The data>
"""

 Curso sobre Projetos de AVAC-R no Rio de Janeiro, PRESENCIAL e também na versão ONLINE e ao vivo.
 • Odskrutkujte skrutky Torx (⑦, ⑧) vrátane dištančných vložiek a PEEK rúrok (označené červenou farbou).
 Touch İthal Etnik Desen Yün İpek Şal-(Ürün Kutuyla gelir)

"""
"""

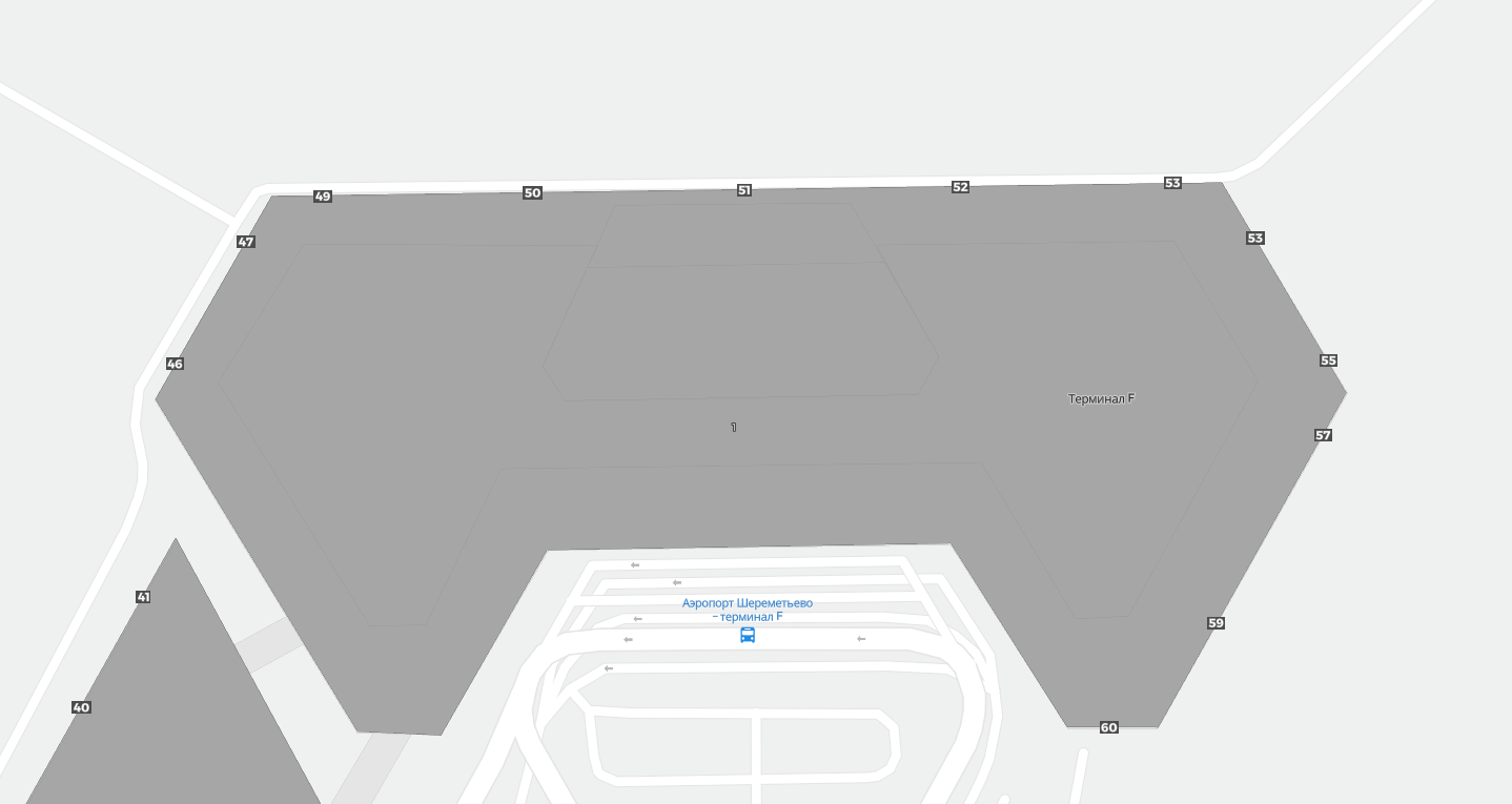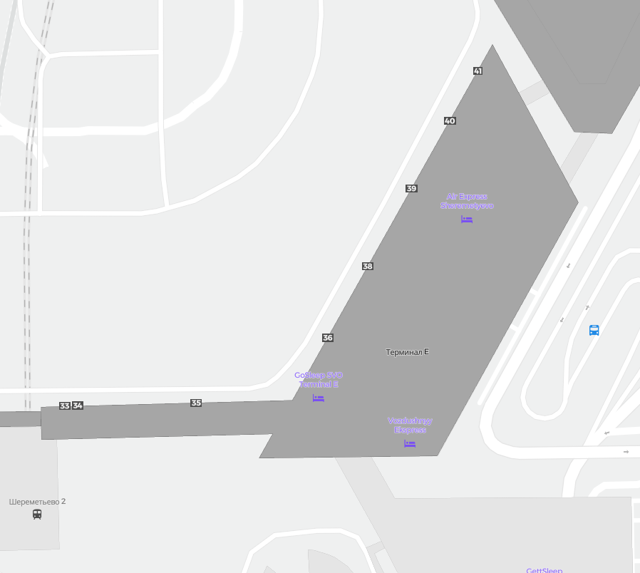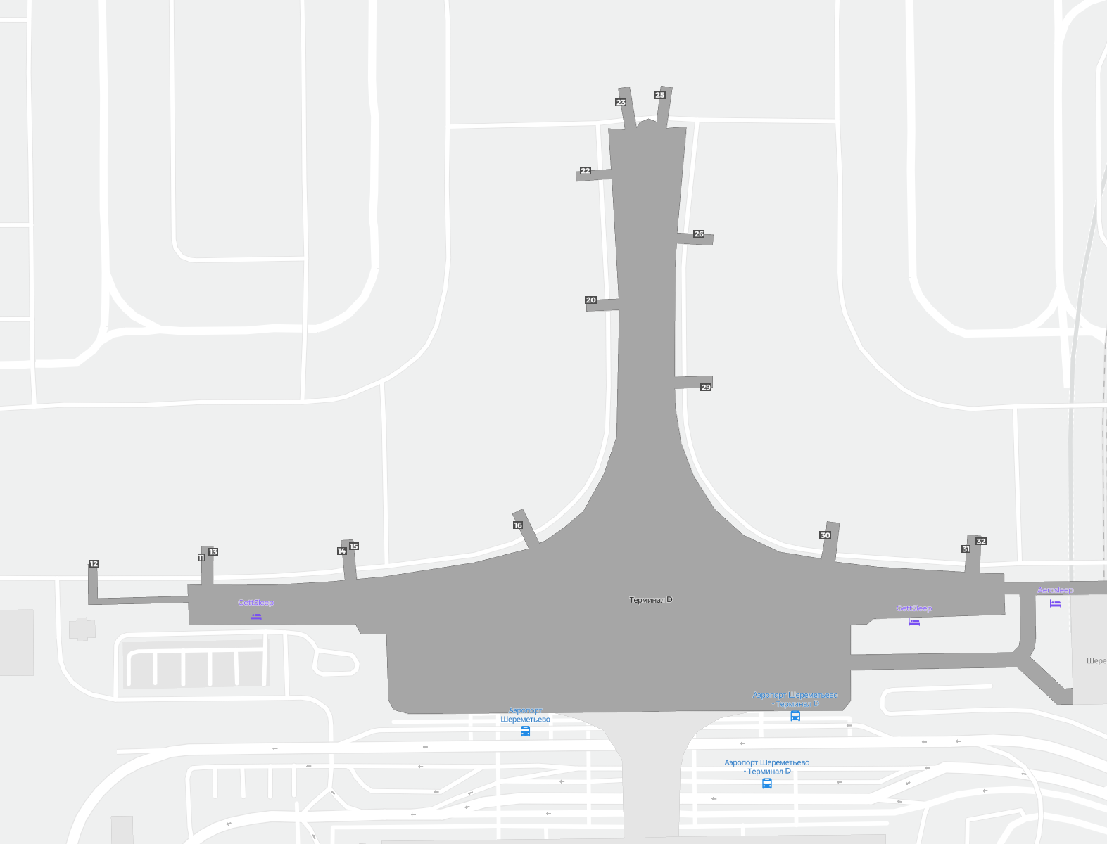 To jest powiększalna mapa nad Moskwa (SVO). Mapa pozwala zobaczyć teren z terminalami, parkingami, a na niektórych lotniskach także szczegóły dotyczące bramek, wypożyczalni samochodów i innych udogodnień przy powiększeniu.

"""

What is needed> Of the lines above, output exactly those from the line bearing "Curso sobre Projetos" through the line bearing "Touch İthal Etnik", inclusive.

Answer to this problem>
 Curso sobre Projetos de AVAC-R no Rio de Janeiro, PRESENCIAL e também na versão ONLINE e ao vivo.
 • Odskrutkujte skrutky Torx (⑦, ⑧) vrátane dištančných vložiek a PEEK rúrok (označené červenou farbou).
 Touch İthal Etnik Desen Yün İpek Şal-(Ürün Kutuyla gelir)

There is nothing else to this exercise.